[WORK INSTRUCTION]
Your answer must be an exact copy of the records below, with every picture left out.

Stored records
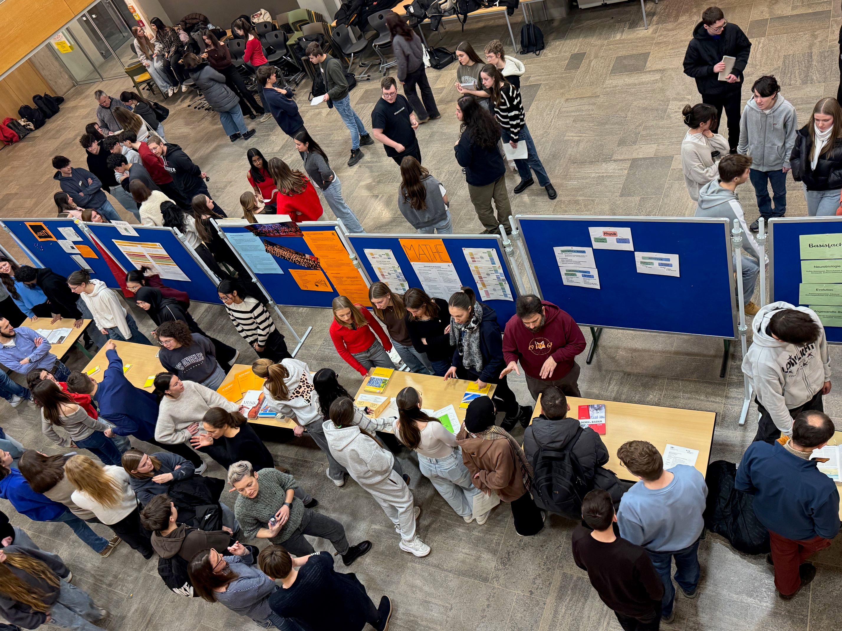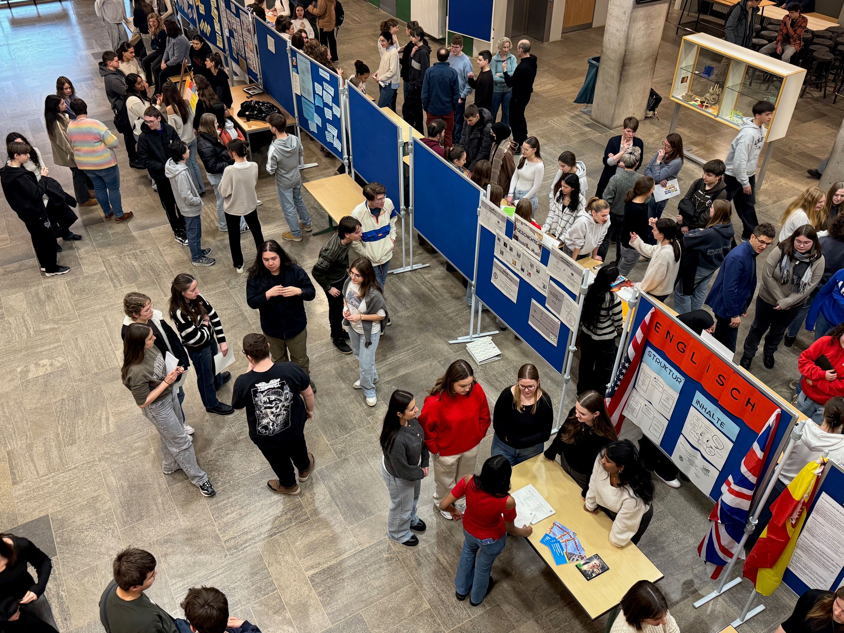 Die Veranstaltung bietet nicht nur umfassende Informationen an Stellwänden und durch Materialien, sondern auch die Möglichkeit, sich direkt mit den Lehrkräften auszutauschen. Diese beantworten alle Fragen und stehen mit ihrem Fachwissen beratend zur Seite. Ergänzt wird das Angebot durch Erfahrungsberichte von Schülerinnen und Schülern der Kursstufe, die ihre persönlichen Eindrücke und Tipps aus dem Schulalltag teilen. Der offene Austausch in einer lockeren Atmosphäre macht die Abibörse jedes Jahr zu einem wertvollen Bestandteil des Schullebens.
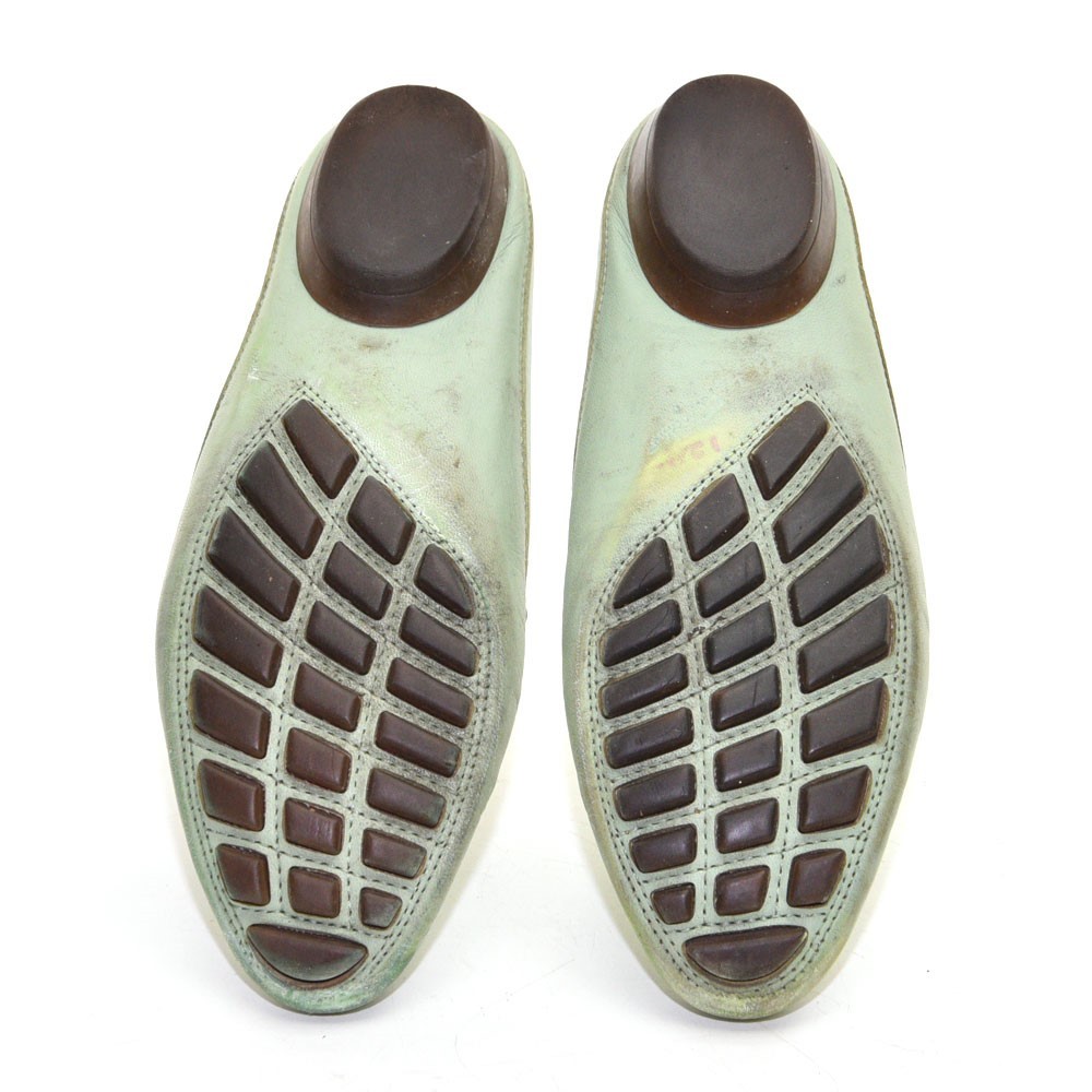 как выглядит Ladies Salvatore Ferragamo Arema Gancini Pin Mules 6 B Green Leather Slip Shoes фото
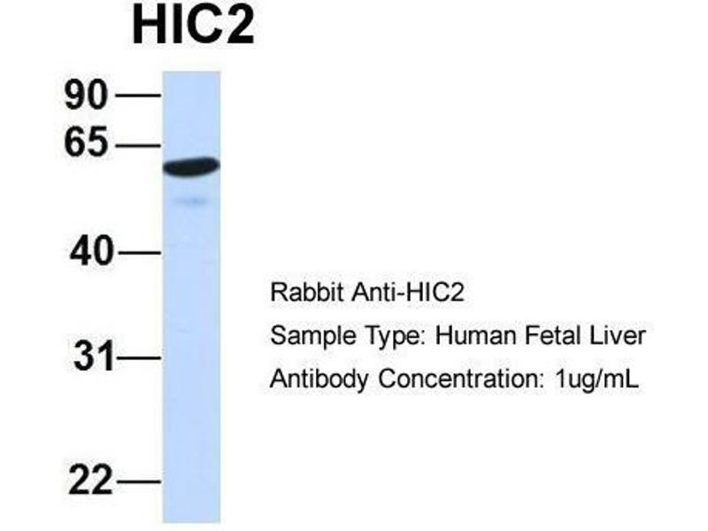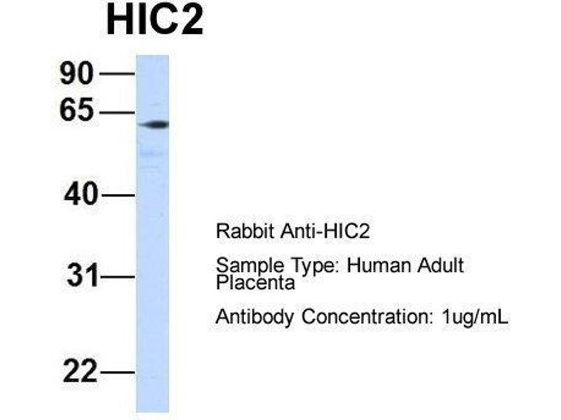 - This is a rabbit polyclonal antibody against HIC2. It was validated on Western Blot using a cell lysate as a positive control.
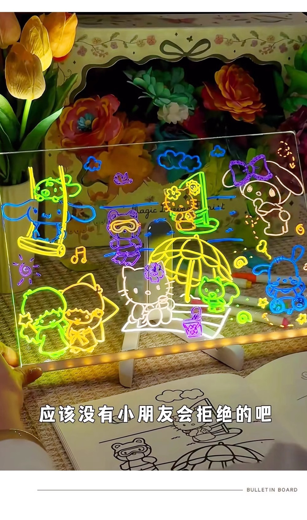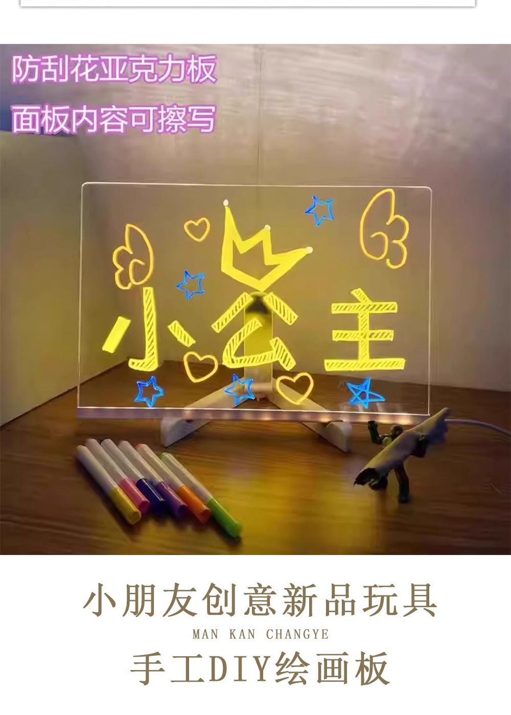 • 중간 크기 20*20CM-야광 화판+스탠드+색펜 5개+천
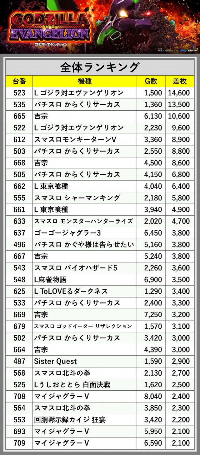厳選された取材対象機種をはじめ、その他スロット全体から好記録が飛び出した!プレイヤーが楽しんだ1日を下記データにて振り返ってみて欲しい。
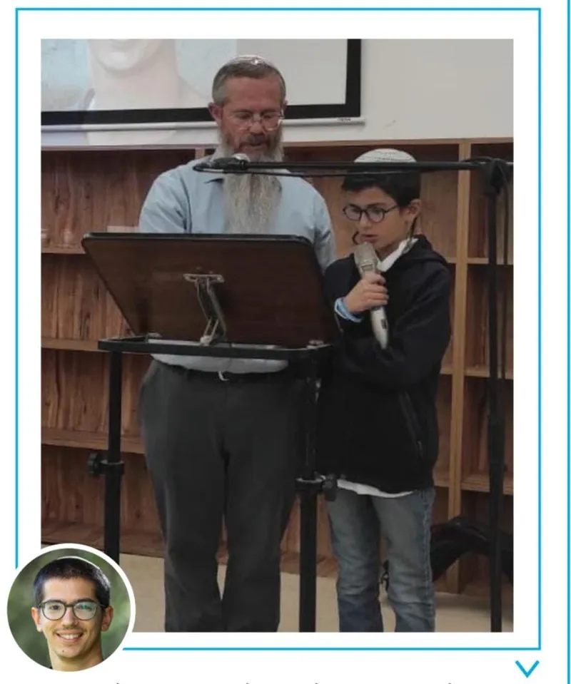 השבוע שלחה לי גילה, אמא של אלקנה, תמונה שבה נראה ילד, בערך בן עשר, עומד מול סטנדר ועושה סיום מסכת. והילד המתוק דומה באופן מצמרר לאביו המתוק שדמותו מופיעה במסך שמאחוריו.

[EXPECTED ANSWER]
 Die Veranstaltung bietet nicht nur umfassende Informationen an Stellwänden und durch Materialien, sondern auch die Möglichkeit, sich direkt mit den Lehrkräften auszutauschen. Diese beantworten alle Fragen und stehen mit ihrem Fachwissen beratend zur Seite. Ergänzt wird das Angebot durch Erfahrungsberichte von Schülerinnen und Schülern der Kursstufe, die ihre persönlichen Eindrücke und Tipps aus dem Schulalltag teilen. Der offene Austausch in einer lockeren Atmosphäre macht die Abibörse jedes Jahr zu einem wertvollen Bestandteil des Schullebens.
 как выглядит Ladies Salvatore Ferragamo Arema Gancini Pin Mules 6 B Green Leather Slip Shoes фото
 - This is a rabbit polyclonal antibody against HIC2. It was validated on Western Blot using a cell lysate as a positive control.
 • 중간 크기 20*20CM-야광 화판+스탠드+색펜 5개+천
厳選された取材対象機種をはじめ、その他スロット全体から好記録が飛び出した!プレイヤーが楽しんだ1日を下記データにて振り返ってみて欲しい。
 השבוע שלחה לי גילה, אמא של אלקנה, תמונה שבה נראה ילד, בערך בן עשר, עומד מול סטנדר ועושה סיום מסכת. והילד המתוק דומה באופן מצמרר לאביו המתוק שדמותו מופיעה במסך שמאחוריו.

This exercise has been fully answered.